Why the fleece vest? Warmish, unobtrusive, relatively reasonably priced from a company whose other items are so expensive it earned the moniker Patagucci, but most importantly for the financial sector, they’re apparently the outfit of some of their most important clients, the Silicon Valley idea merchants known as tech bros.  

In adopting a different style of clothing to suit important customers, the finance bros have reminded us that they, too, are in a service industry and their clothing is part of the uniform of that service.  The word uniform suggests subservience.  Despite their aggressiveness, their celebration of their greedy acquisitions, their unironic appropriation of the title “Masters of the Universe” Tom Wolfe ironically gave them back in the 1980s, they have their own masters, the sociopaths du jour whose hubris and chimerical business plans they help reward.

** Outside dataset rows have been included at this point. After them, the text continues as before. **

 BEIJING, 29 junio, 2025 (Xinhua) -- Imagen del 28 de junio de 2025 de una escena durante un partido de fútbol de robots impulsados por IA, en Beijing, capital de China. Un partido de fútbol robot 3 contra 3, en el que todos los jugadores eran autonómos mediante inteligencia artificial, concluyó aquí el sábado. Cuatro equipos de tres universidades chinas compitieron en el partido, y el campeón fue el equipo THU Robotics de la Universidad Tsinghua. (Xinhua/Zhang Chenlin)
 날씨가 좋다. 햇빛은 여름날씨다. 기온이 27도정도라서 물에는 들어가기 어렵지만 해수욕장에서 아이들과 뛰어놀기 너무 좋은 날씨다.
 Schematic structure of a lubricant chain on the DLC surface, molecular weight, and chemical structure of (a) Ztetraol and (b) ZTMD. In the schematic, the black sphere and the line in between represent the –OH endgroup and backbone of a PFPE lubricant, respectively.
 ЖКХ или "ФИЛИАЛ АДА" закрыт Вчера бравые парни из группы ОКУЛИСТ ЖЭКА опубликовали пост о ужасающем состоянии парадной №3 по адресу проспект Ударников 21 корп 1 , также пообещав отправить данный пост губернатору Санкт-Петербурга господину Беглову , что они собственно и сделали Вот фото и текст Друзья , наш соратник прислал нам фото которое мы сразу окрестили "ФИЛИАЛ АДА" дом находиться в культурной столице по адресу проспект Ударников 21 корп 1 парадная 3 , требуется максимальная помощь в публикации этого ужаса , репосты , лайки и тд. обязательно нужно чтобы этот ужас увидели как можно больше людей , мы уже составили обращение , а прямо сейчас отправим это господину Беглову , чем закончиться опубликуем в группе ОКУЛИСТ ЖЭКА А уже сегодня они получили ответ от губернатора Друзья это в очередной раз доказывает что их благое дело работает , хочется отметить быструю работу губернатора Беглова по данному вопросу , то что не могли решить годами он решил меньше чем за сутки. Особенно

For a few reasons, I personally am agnostic about the suit’s continued survival as something other than the uniform of subservience and conformity. Among other things, exactly 20 years ago the same sort of media fuss erupted when Arthur Andersen, one of the so-called Big Five leading accounting firms, switched to business casual. Journalists breathlessly asked if the suit was dead.  Not long after, the firm itself, deeply implicated in the financial reporting and structuring misconduct that led to the downfall of its major client Enron, went out of business.  Savile Row tailors crowed to those same journalists about the folly of switching to business casual and the persistence of the suit.  

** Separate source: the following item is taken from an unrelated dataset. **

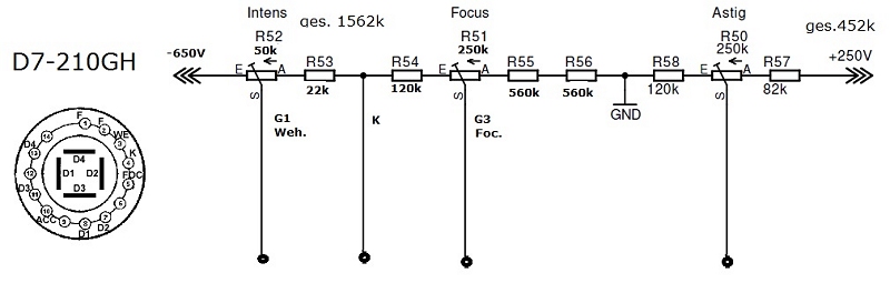 Je nach dem im Grunde recht geringen Strombedarf der Hochspannung in der Bildröhre kann man die Widerstände recht einfach berechnen, es ist nur etwas Fleißarbeit. Etwa 1-2 Kilo-Ohm pro Volt kann man veranschlagen. Dann nimmt man sich das Datenblatt zu Rate und berechnet zuerst die veränderbaren Spannungen für G1/Wehnelt, Fokus etc, und daraus die Größe der Potentiometer. Nimmt man z.B. 2 kOhm/Volt und ist der Bereich für Fokus z.B. mit 50-150 Volt gegen Kathode angegeben, dann ist die Differenz 100 Volt und somit das Poti 200 kOhm, man nimmt dann 250 k und berechnet den restlichen Widerstand bis zur nächsten Anode, Gitter oder Kathode und nimmt bei krummen Werten eine Kombination aus kleineren Festwiderständen. Fehlt nur noch der Punkt, wo man die Masse in der Widerstandskette anschließt. Dabei sieht man wieder ins Datenblatt und schaut nach den Betriebswerten der Ablenkplatten und deren erlaubter Spannung gegen die nächste(n) Gitter/Anode(n). Daraus berechnet man dagegen dann den Wert, der aus den Ablenkstufen kommt, sodass die Transistoren oder Koppelkondensatoren keine "unangenehmen" Spannungen zu überwinden haben.
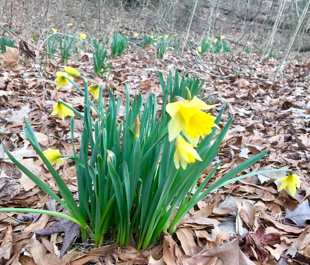 The trail passed by an old cabin and continued toward a boardwalk. Bright yellow daffodils filled the hillside, adding pops of color to what otherwise was all grays and browns. A lone tree frog chirped in the distance; a brave soul letting us know that, despite the chill and wind, spring was on its way.

It’s worth noting, too, that Enron rose to prominence (even leading to an early George W. Bush administration announcement that some of the Enron energy-trading hotshots would take part in its advisory panels) claiming it was using new, hard-to-describe methods of financial innovation, when in reality it was hiding structured liabilities off its balance sheet and resorting to predatory energy trading strategies that caused unnecessary blackouts in California.  Certain of today’s tech bros have come quite far on the strength of misunderstood and overused buzzwords, not the least of which is the idea of “disruption”: technology and business ideas that will reinvent an existing industry.  Some of these ideas have made the bros untold billions through initial public offerings (managed, for fat crumbs, by the finance bros) despite the disruptive ideas in question never yet being profitable and in fact bleeding workers in both the existing and disruptive industries.

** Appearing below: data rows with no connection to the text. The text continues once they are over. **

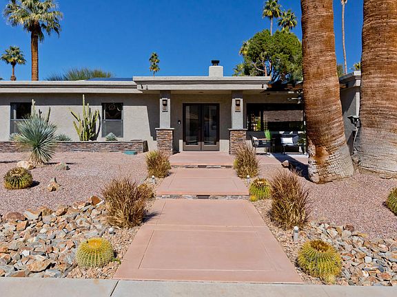 Here is your chance to own a part of Palm Springs's history with this original Alexandra construction home located on an expansive corner lot in the desirable neighborhood of Los Compadres. This 3BR/2BA, 1,992 sqft residence is surrounded by designer landscaping with intoxicating views of the San Jacinto mountains and the famous Hope residence. This thoughtfully styled flowing layout has tons of natural light, beautiful tile floors, arched doorways, a spacious living room featuring a wood fireplace with a natural gas log lighter, and a large bonus room. The kitchen features stainless steel appliances, newly refaced cabinets, a breakfast bar, a gas stove, and a built-in wine refrigerator. Entertaining possibilities abound in the backyard, which has a heated saltwater pool/spa a covered patio with ceiling fans, a fire pit, and an outdoor bar with a built-in BBQ grill and fridge, just perfect for entertaining. After a perfectly fabulous Palm Springs day, retire to the oversized primary ensuite bedroom with large closet space and patio access. Each additional bedroom is generously sized with a dedicated closet. Other considerations include PAID SOLAR! New AC, 2-car garage with built-in cabinets and split A/C/Heater and a 20' X 40' RV parking pad. This home is minutes away from all major stores, trails, Demuth Park, and PS Airport. The home is an active STR. At the time of listing Los Compadres remains below the STR neighborhood cap. Buyer to do own due diligence.
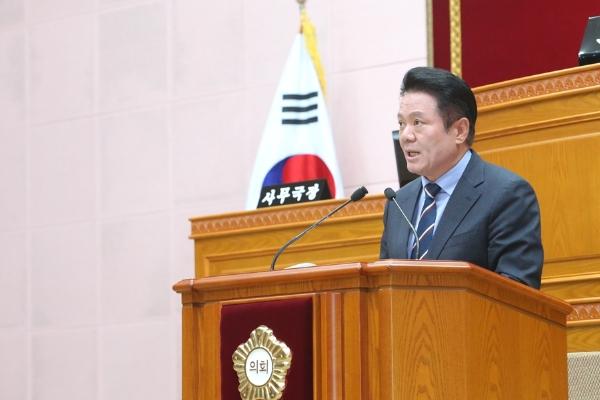 최대호 안양시장이 29일 열린 제290회 안양시의회 임시회 제1차 본회의에서 ‘경부선 지하화’ 준비 등 시민과 함께 안양시의 미래를 개척해 나가겠다고 밝혔다.
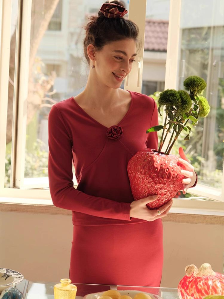 Floral V-Neck Slim Top
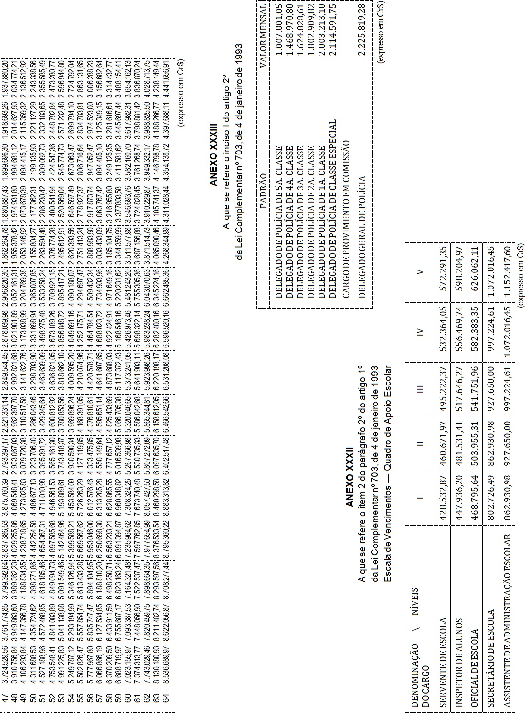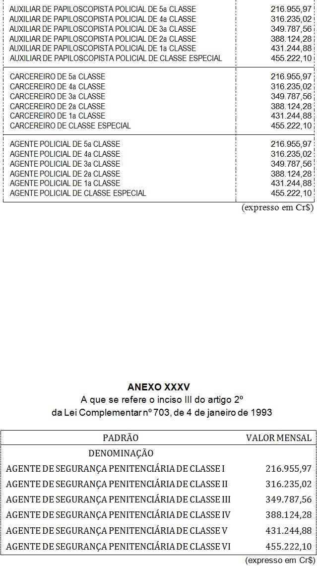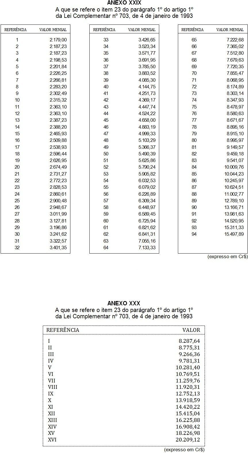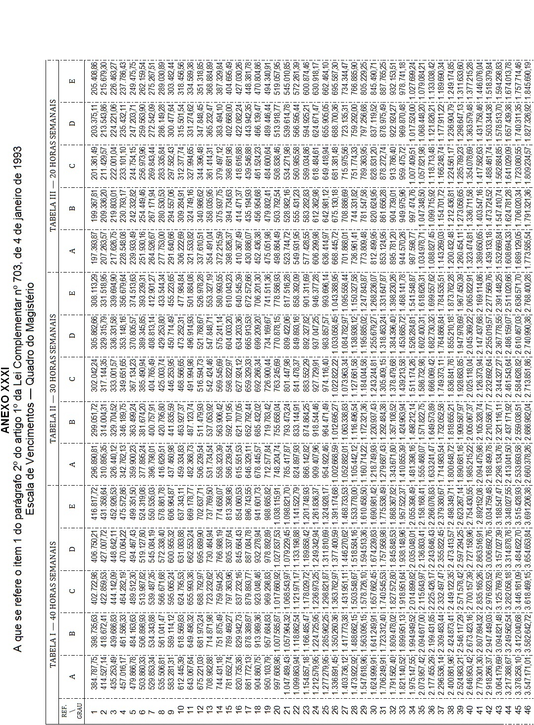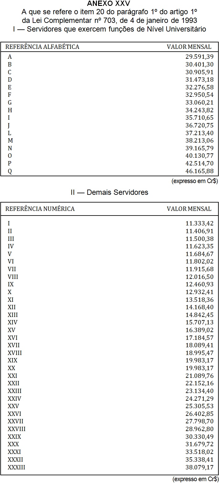 XVII e XVIII - correspondentes às Escalas de Vencimentos

A confluence of circumstances led to the suit’s return to fashion not long after the Arthur Andersen debacle.  But that return had been percolating, thanks to Hedi Slimane, even before Andersen went casual; economic and other crises in the early 2000s encouraged fashions to go more conservative and helped the suit back to the mainstream.  Today the suit was just in fashion; we’re now in a period of aggressive casualization in high fashion.  Lucky for me, I don’t have the means, looks or body for high fashion.  I recognize that I am lucky enough to still work in an environment where suits are usually worn.  And I recognize that I am weird enough to think that that is luck, as well as to wear suits in a way that would probably defy being captured by quotations as a “suit.” And in any case, the incomparable way the tailoring firm Camps de Luca cuts and hand-sews trousers is just as marvelous in teal Italian linen, worn with a casual knit shirt, as in Lumb’s Golden Bale charcoal flannel as part of a suit.  Enjoy what we have in freedom from the uniform, the yoke of hierarchy even the finance bros are subject to.